Carvana Echoes Subprime Auto Shake-Up
Oct 23, 2025
Investors are watching auto credit more closely as more borrowers edge toward the risk frontier. The recent stress signals—Tricolor and First Brands—are nudging risk models and reminding markets that cracks in lending structures can widen when the cycle slows. The key takeaway isn’t a repeat of 2008, but a warning that auto credit risk is bifurcating: prime borrowers stay largely current, while subprime delinquencies creep higher. Add Carvana’s latest move into the mix: a sharp stock drop that underscores how fragile sentiment about the auto market has become, even for growth names that rode the euphoria of used cars earlier in the year.
The data screams that the gap between prime and subprime borrowers is widening. Subprime delinquencies (credit scores below 670, 60+ days late) sit around 6.43%—more than double 2021 and higher than in the last three recessions. Delinquencies and repossessions among subprime borrowers are at the fastest pace since the Great Recession, signaling concentrated risk at the lower end of the market. This divergence has real implications for risk pricing, securitization spreads, and how collateral performs in credit markets. The Carvana story adds a real-time price signal: a sell-off as investors worry about the broader auto cycle, not just isolated borrower cohorts.
From a macro lens, higher car prices, steeper financing costs, and a tighter job market are squeezing households at the bottom end.
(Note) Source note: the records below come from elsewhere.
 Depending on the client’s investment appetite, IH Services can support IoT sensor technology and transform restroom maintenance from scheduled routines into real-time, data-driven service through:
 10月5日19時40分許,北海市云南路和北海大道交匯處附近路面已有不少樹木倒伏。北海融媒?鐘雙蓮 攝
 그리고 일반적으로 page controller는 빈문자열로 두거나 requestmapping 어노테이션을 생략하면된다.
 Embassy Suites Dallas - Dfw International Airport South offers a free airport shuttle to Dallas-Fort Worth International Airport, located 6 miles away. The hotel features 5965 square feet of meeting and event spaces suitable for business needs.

Cars are essential, so auto debt remains unusually sensitive to employment shifts. If labor conditions worsen or refinancing becomes harder, more borrowers could default, with spillovers to lenders, insurers, and the broader consumer credit chain. Prime borrowers aren’t flashing distress yet, but the risk appears to be intensifying at the margin. Carvana’s struggles, along with bankruptcies like PrimaLend, remind us that even high-fliers can face pressure when the market reevaluates auto fundamentals and financing risk.
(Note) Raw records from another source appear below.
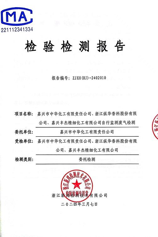 報(bào)告名稱:2024年中華化工1季度廠界檢測(cè)報(bào)告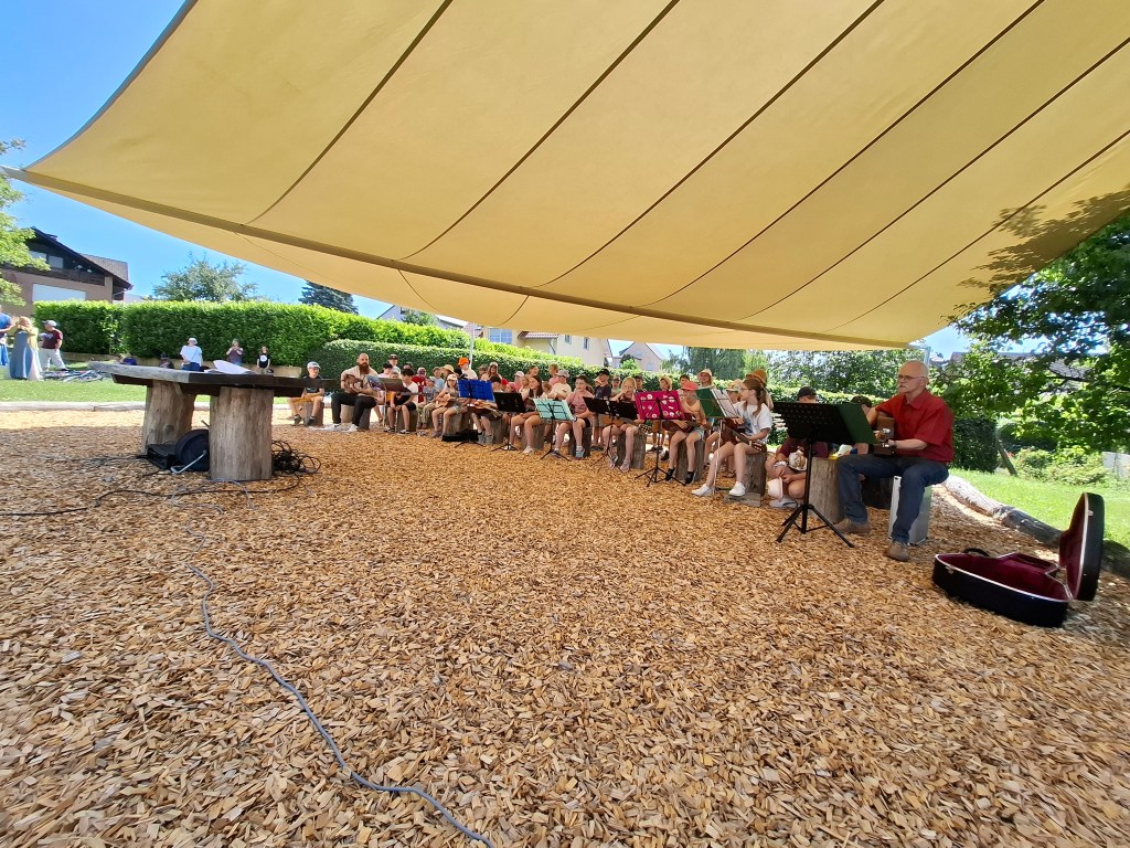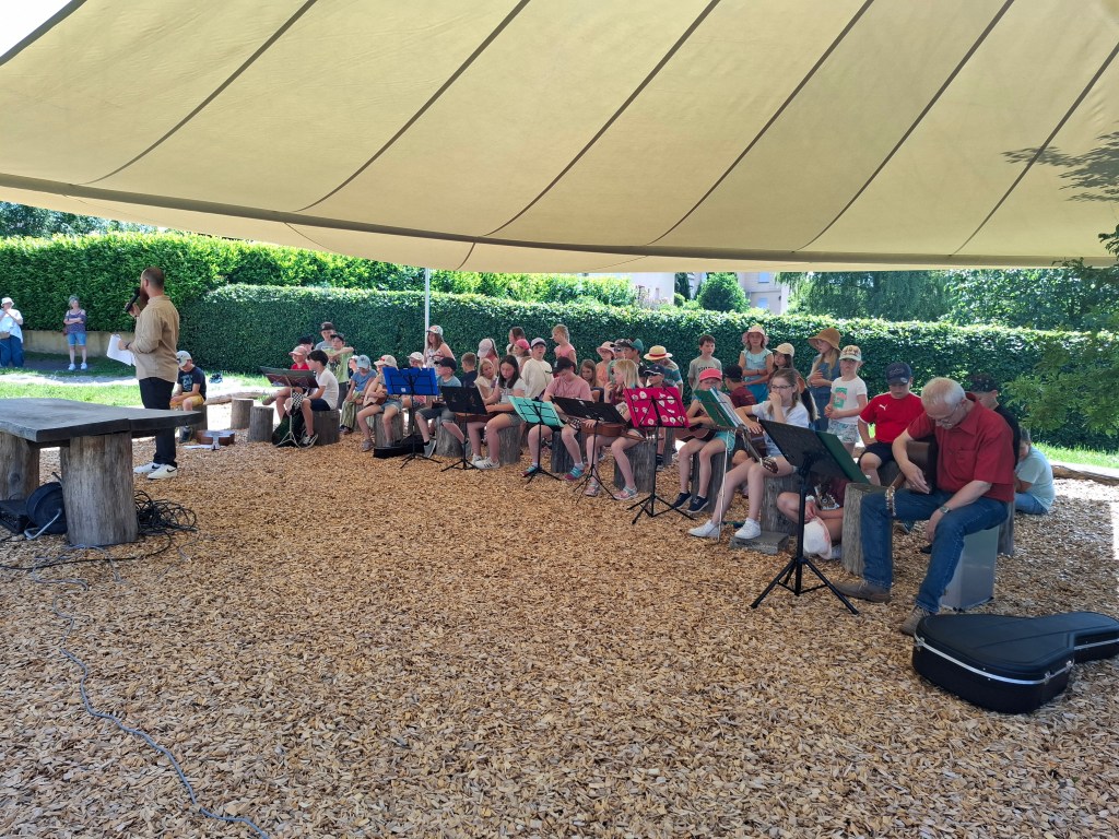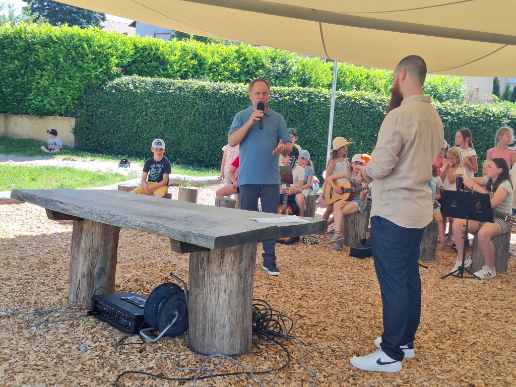 Den Startschuss zu unserem Sommerfest gab Schulleiter Patrick Bender, der die Gäste, unter anderem Verbandsbürgermeister Mike Weiland, Ortsvertreter Achim Hohl sowie Sylvia Schmidt und Kai Wernicke und Michaela Wari von der deutschen Burgenvereinigung, bei bestem Wetter Willkommen hieß und sich in seiner Rede schon einmal bei allen Mitwirkenden bedankte. Mit einem mittelalterlichen Gedicht sorgte Schülersprecher Niklas Kohl für den ein oder anderen Lacher. Die musikalische Begleitung übernahm Helmut Knopp mit der Gitarren-AG der Grundschule Dachsenhausen, die mit der Unterstützung der gesamten Schulgemeinschaft mittelalterliche Lieder zum Besten gab.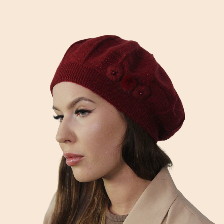 Béret en cachemire, Chapeau d'hiver pour femme, Béret en cachemire français, Béret scintillant, Cadeau pour elle

Bottom line: the prime–subprime split is widening. Investors should see bigger risk premiums on riskier loans and tougher pricing in related securitizations, with more watchfulness on the labor market. Keep to quality cash flows and broad diversification to weather potential swings. For investors, the play is to stay diversified across borrower levels, favor solid cash flows, and be ready for higher volatility as the data rolls in. Keep an eye on labor data and inflation—those drive auto affordability—and watch auto-market signals like Carvana’s results for early clues about consumer credit risk and asset pricing.